**THE TASK**
Write out the opening lines of the data word for word, up to and including the line with "Tato marmeláda pochází", and leave every picture and every later line out.

━━━━━━━━━━━━━━━━

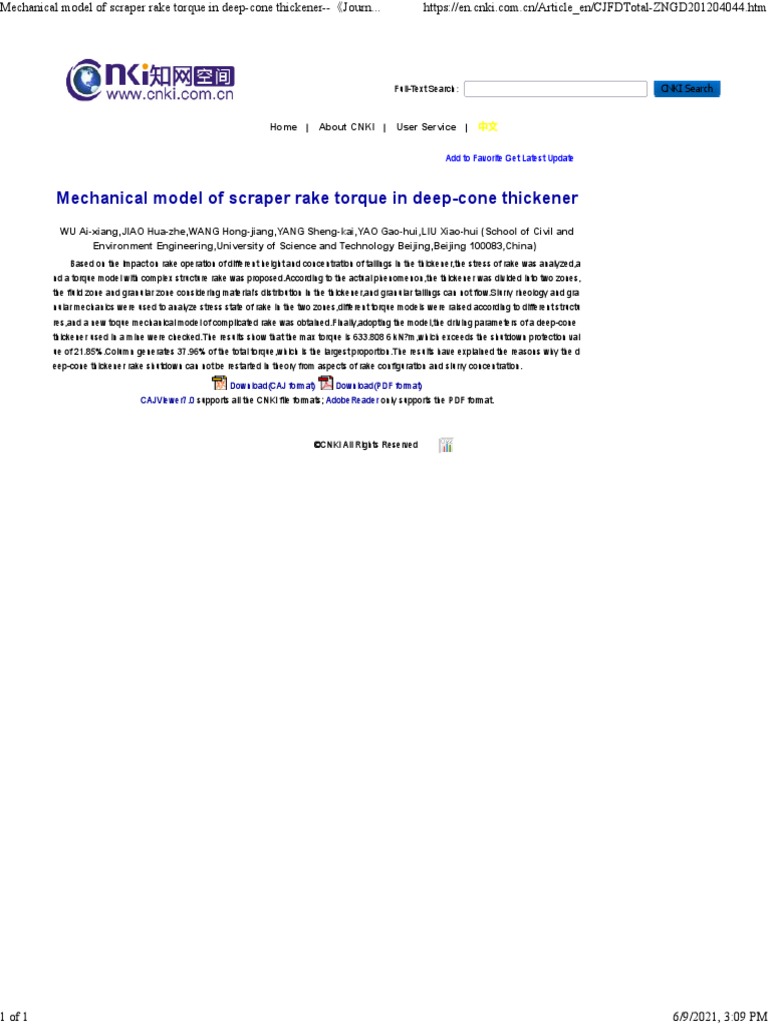 Mechanical Model of Scraper Rake Torque in Deep-cone Thickener ...
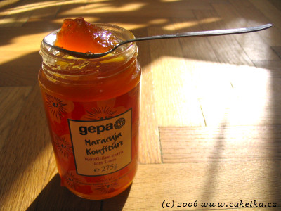 Tato marmeláda pochází od německé fairtradeové firmy Gepa (tj. osvědčeno na němekém trhu = plus body). Povedené balení obsahuje 275g marmelády bez barviv a konzervačních prostředků. Obsah ovoce je 30g/100g. Ihned vám prozradím, že na začátek jsem vybral asi ten nejslabší vzorek, protože marmeláda byla pro mně velkým zklamáním.
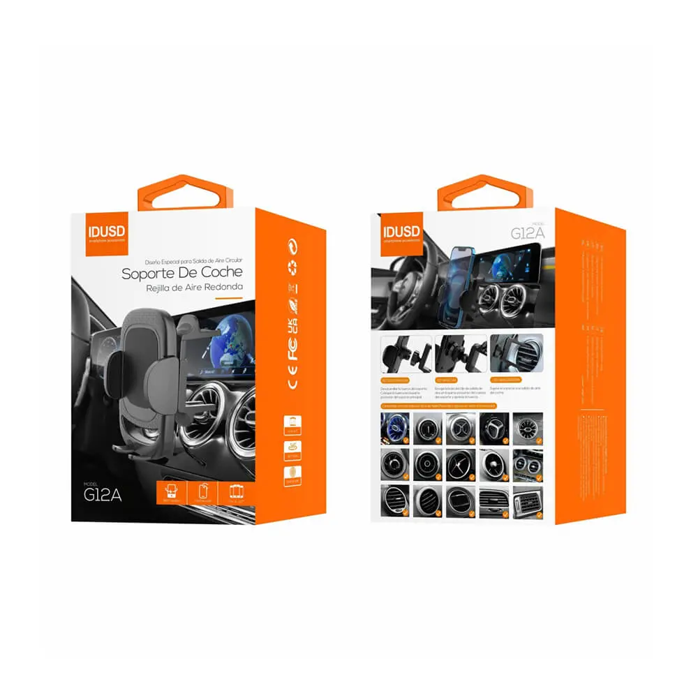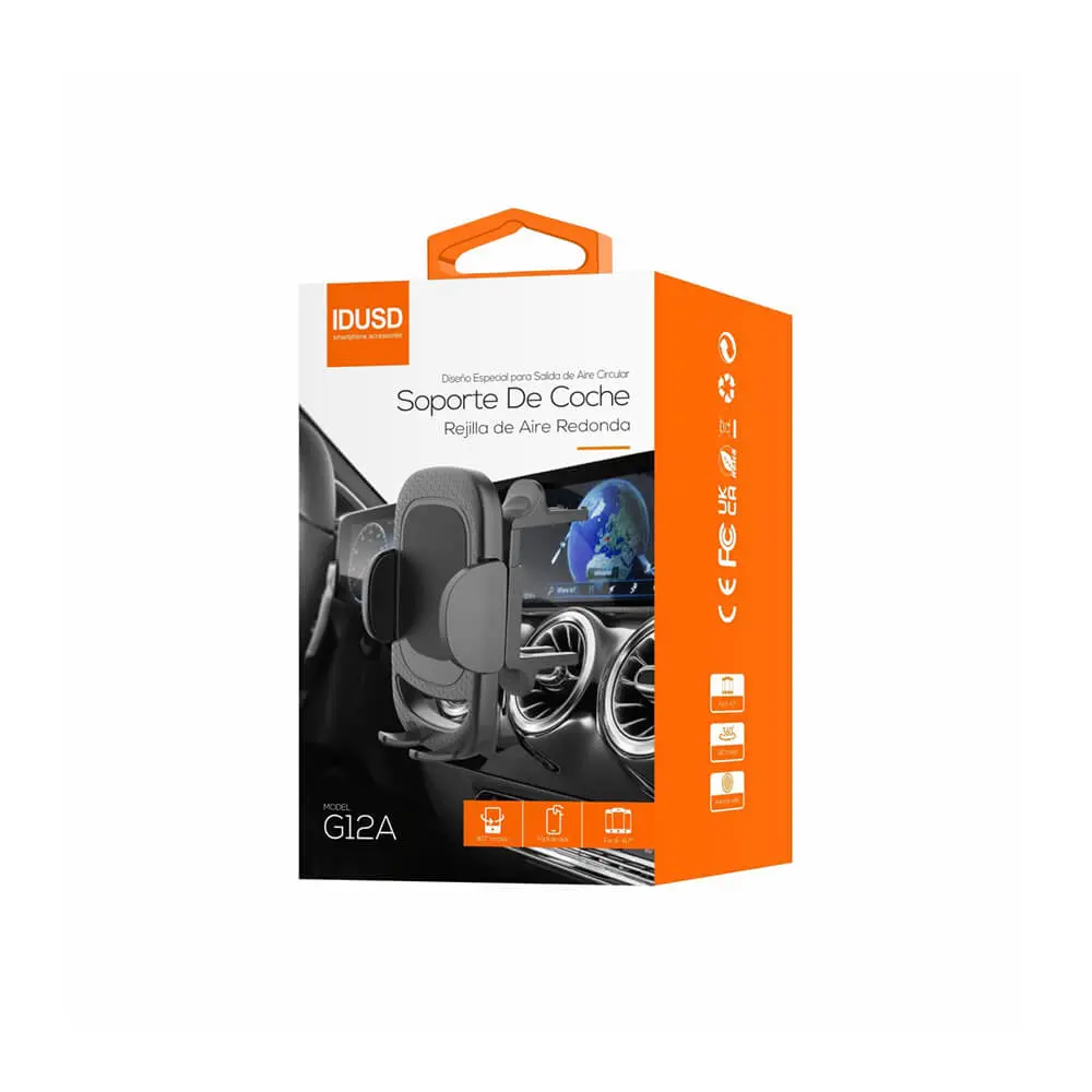 Si tienes un coche con salidas de aire circulares, sabrás que encontrar un soporte estable es todo un reto. El Soporte de Coche Rejilla Redonda (Ref: G12A) ha sido creado para cubrir esta necesidad, ofreciendo un montaje preciso y seguro para tu smartphone. Gracias a su mecanismo de ajuste específico para diámetros de entre 60 y 70 mm, este soporte garantiza una fijación firme que elimina las vibraciones incluso en carreteras irregulares.
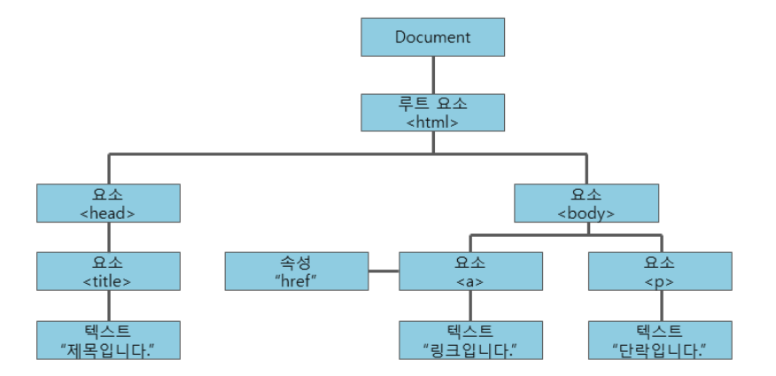 이 객체 모델은 문서 내의 모든 요소를 정의하고, 각각의 요소에 접근하는 방법을 제공다.
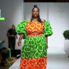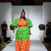 SIKATÍ Design – African Fashion Week Cologne 2025: Grün-Orange Maxikleid mit Puffärmeln & Ethno-Muster (Einzelstück)

━━━━━━━━━━━━━━━━

**OUTPUT FOR THIS TASK**
 Mechanical Model of Scraper Rake Torque in Deep-cone Thickener ...
 Tato marmeláda pochází od německé fairtradeové firmy Gepa (tj. osvědčeno na němekém trhu = plus body). Povedené balení obsahuje 275g marmelády bez barviv a konzervačních prostředků. Obsah ovoce je 30g/100g. Ihned vám prozradím, že na začátek jsem vybral asi ten nejslabší vzorek, protože marmeláda byla pro mně velkým zklamáním.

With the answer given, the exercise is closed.